Os modernistas realizam, em todas as artes, uma aproximação crítica das obras do passado. No universo literário, a releitura de textos famosos das escolas anteriores torna-se uma forma de rejeição ou de admiração. Com freqüência, os modernos reescrevem alguns dos textos consagrados sob uma perspectiva de humor: a paródia.
Um dos livros de crítica literária de Mário de Andrade chama-se A escrava que não é Isaura, numa evidente alusão ao romance de Bernardo Guimarães. Poucos poetas resistiram à chance de parodiar a antológica Canção do exílio, de Gonçalves Dias, conforme podemos verificar num conjunto de excertos, como o de Oswald de Andrade, Canto do regresso à pátria:

Minha terra tem palmares
Onde gorjeia o mar
Os passarinhos aqui
Não cantam como os de lá
Minha terra tem mais rosas

E quase que mais amores
Minha terra tem mais ouro
Minha terra tem mais terra (...)
Não permita Deus que eu morra

Sem que eu volte para são Paulo
Sem que eu veja a rua 15
E o progresso de São Paulo

Em Canção, Mário Quintana parece fazer um protesto ecológico:

Minha terra não tem palmeiras...
E em vez de um mero sabiá,
Cantam aves invisíveis
Nas palmeiras que não há.

Carlos Drummond, mais filosófico, reflete sobre a distância da felicidade em Nova canção do exílio:

Um sabiá
na palmeira, longe.
Estas aves cantam
um outro canto. (...)
Onde tudo é belo

e fantástico,
só, na noite,
seria feliz.
(Um sabiá,
na palmeira, longe.)

Também Murilo Mendes mostra-se irreverente com o célebre poema romântico:

Minha terra tem macieiras da Califórnia
onde cantam gaturamos de Veneza. (...)
Eu morro sufocado em terra estrangeira.
Nossas flores são mais bonitas
nossas frutas são mais gostosas
mas custam cem mil réis a dúzia.
Ai quem me dera chupar uma carambola

de verdade
e ouvir um sabiá com certidão de idade!

http://educaterra.terra.com.br/literatura/

Modernismo

Momento sócio-cultural

. As máquinas e o ritmo acelerado da civilização industrial se incorporavam à paisagem brasileira.
. Problemas sociais antigos continuam sem solução, produzindo tensões e conflitos graves. Os meios intelectuais sentem que é preciso reformar o Brasil, mergulhado numa contradição grave: ao mesmo tempo em que se modernizava, mantinha uma organização social arcaica.
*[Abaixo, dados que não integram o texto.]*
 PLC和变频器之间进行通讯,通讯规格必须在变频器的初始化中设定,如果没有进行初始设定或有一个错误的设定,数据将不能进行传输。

Características literárias

. A 1ª fase é a de ruptura com o passado. Humor, uso do coloquial, primitivismo, vanguardas, tudo é válido para criar uma literatura em sintonia com os novos tempos.
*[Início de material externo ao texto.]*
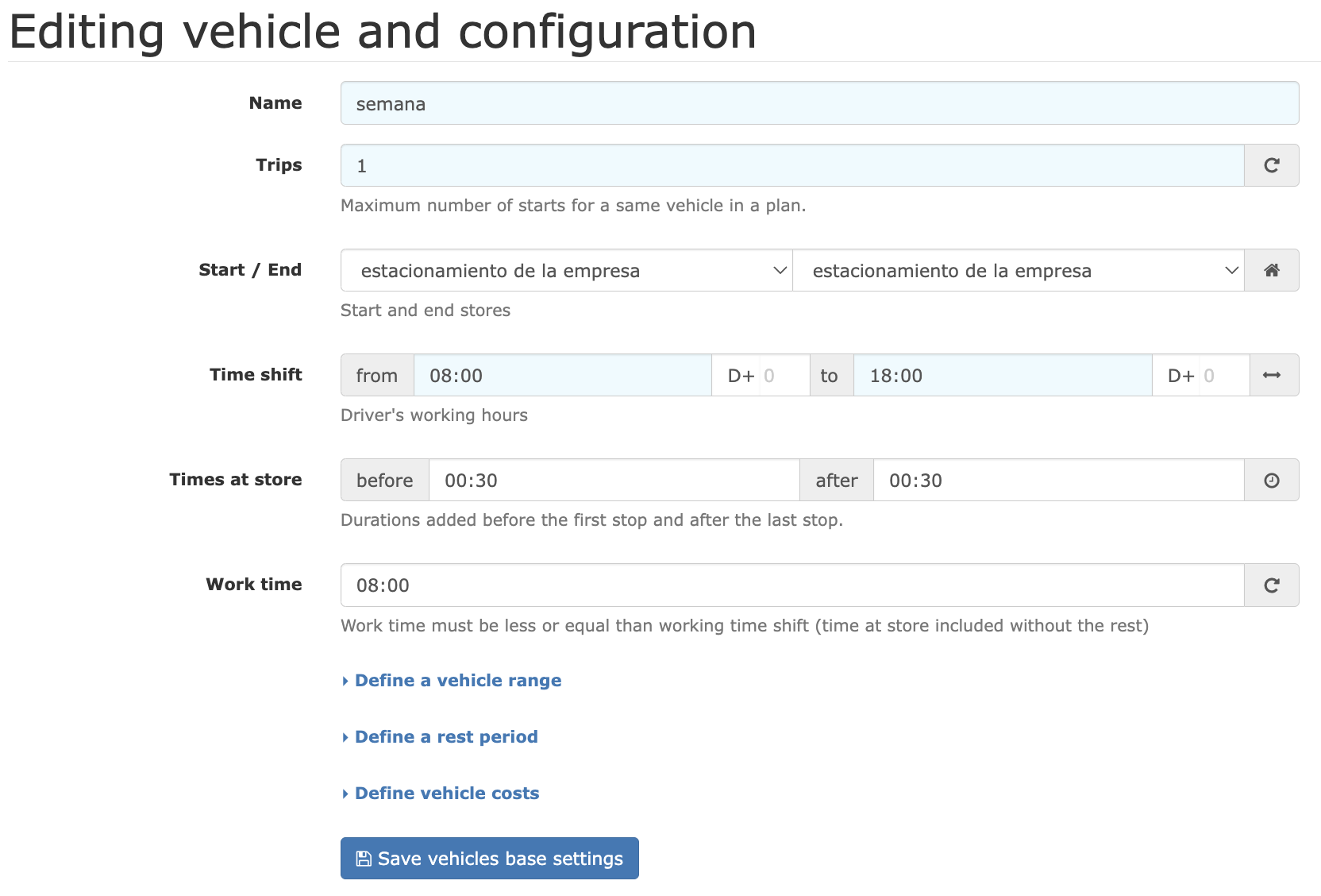 On “Vehicles” page > “List”, click on Duplicate button . The duplicated configuration has between brackets the date of creation. Clicking “Modify”, the configuration page allows to Edit vehicles configuration.

. Na 2ª fase se estabelecem o romance regionalista, que retrata uma certa região do país, e a prosa intimista, que estuda o homem urbano.

. A 3ª fase nega algumas das propostas da 1ª e retoma o uso cuidadoso e consciente da palavra. O número de correntes literárias e autores cresce, o que torna difícil classificar essa fase.


Alguns autores e obras

. Mário de Andrade: deixou uma obra vasta e muito influente, onde os destaques são Paulicéia Desvairada(1922), Macunaíma(1928), Contos Novos(1946), Lira Paulistana (1946).

. Oswald de Andrade: incorporou elementos das vanguardas européias em seus poemas. Escreveu Memórias Sentimentais de João Miramar(1924), Pau-Brasil(1925), Serafim Ponte Grande(1933), O Rei da Vela(1937).

. Manuel Bandeira: deixou obra lírica, precisa e simples, mas muito bem construída. Destacam-se Libertinagem(1930), Estrela da Manhã(1936), Itinerário de Pasárgada (1954), Estrela da Vida Inteira(1966).

. Graciliano Ramos: expoente do romance regional e de análise psicológica. Tem como principais obras São Bernardo(1934), Angústia(1936), Vidas Secas(1938), Memórias do Cárcere(1953).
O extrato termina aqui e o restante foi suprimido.